1. ## Prove this .

Prove that $\sum^{n}_{r=1}(r+1)2^{r-1}=n2^n$ .

2. Originally Posted by thereddevils
Prove that $\sum^{n}_{r=1}(r+1)2^{r-1}=n2^n$ .
Telescoping series:

$(r+1)2^{r-1}=r2^r-(r-1)2^{r-1}$

CB

3. Thanks Captain , but how did you get that expression ? Is it by expansion ?

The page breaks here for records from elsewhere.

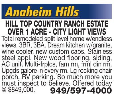HILL TOP COUNTRY RANCH ESTATE OVER 1 ACRE - CITY LIGHT VIEWS Total remodeled split level home w/endless views. 3BR, 3BA. Dream kitchen w/granite, wine cooler, new custom cabs. Stainless steel appl. New wood flooring, siding, AC unit. Multi-frplcs, fam rm, frml din rm. Upgds galore in every rm. Lg rocking chair porch. RV parking. So much more you must inspect to believe. Offered today @ $849,000. 949/597-4000
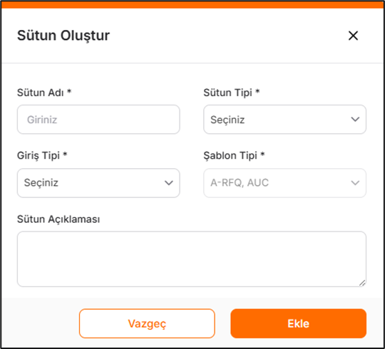 Sayfanın sağ üst köşesinde yer alan “Sütun Ekle” butonuna tıklandığında, şablonlarda kullanılmak üzere yeni bir sütun oluşturabileceğiniz pencere açılır. Zorunlu alanlar doldurulup “Ekle” butonuna basıldığında sütun oluşturulur ve liste sayfasında görüntülenebilir.
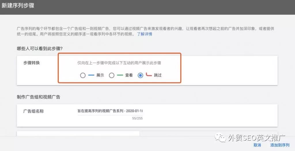 注意:投放视频广告的过程中,如果你选择广告系列子类型为“广告序列“,投放步骤会与上面步骤2和3稍有不同:
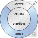Jedes Rad ist in mehrere Steuerflächen unterteilt. Jedes Segment enthält ein Navigationswerkzeug, mit dem Sie die aktuelle Ansicht des Modells ausrichten können. Die Verfügbarkeit der Navigationswerkzeuge hängt davon ab, welches Rad aktiv ist.
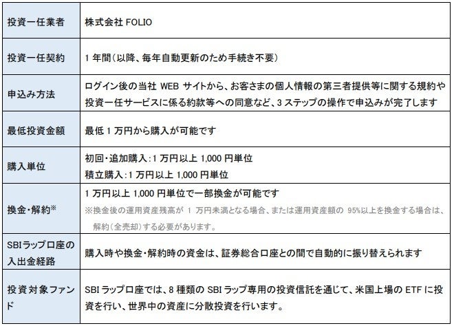 「SBIラップ」は、株式会社FOLIO(本社:東京都千代田区、代表取締役社長:甲斐真一郎、以下「FOLIO」)が提供する、投資一任サービスを提供するためのシステムプラットフォーム「4RAP」を採用し、運用業者が持つノウハウを最大限に活かした質の高い運用サービスを、低コストで提供します。

4. Originally Posted by thereddevils
Thanks Captain , but how did you get that expression ? Is it by expansion ?
First I deduce what method is appropriate for high school level, which made me suspect a telescoping series, then noting that $0\times 2^0=0$ is a give away for writting the general term as $r2^r-(r-1)2^{r-1}$, since then the only part of the last term of the series that does not cancel is $n2^2$, and from the first term is $0$.

CB

5. I know what a telescoping series is but i just don understand how you get this :

$
(r+1)2^{r-1}=r2^r-(r-1)2^{r-1}
$

6. Originally Posted by thereddevils
I know what a telescoping series is but i just don understand how you get this :

$
(r+1)2^{r-1}=r2^r-(r-1)2^{r-1}
$
$r 2^{r-1} + 2^{r-1} = r 2^{r-1} (2 - 1) + 2^{r-1} = r 2^r - r 2^{r - 1} + 2^{r-1} = r 2^r - 2^{r-1} (r - 1)$.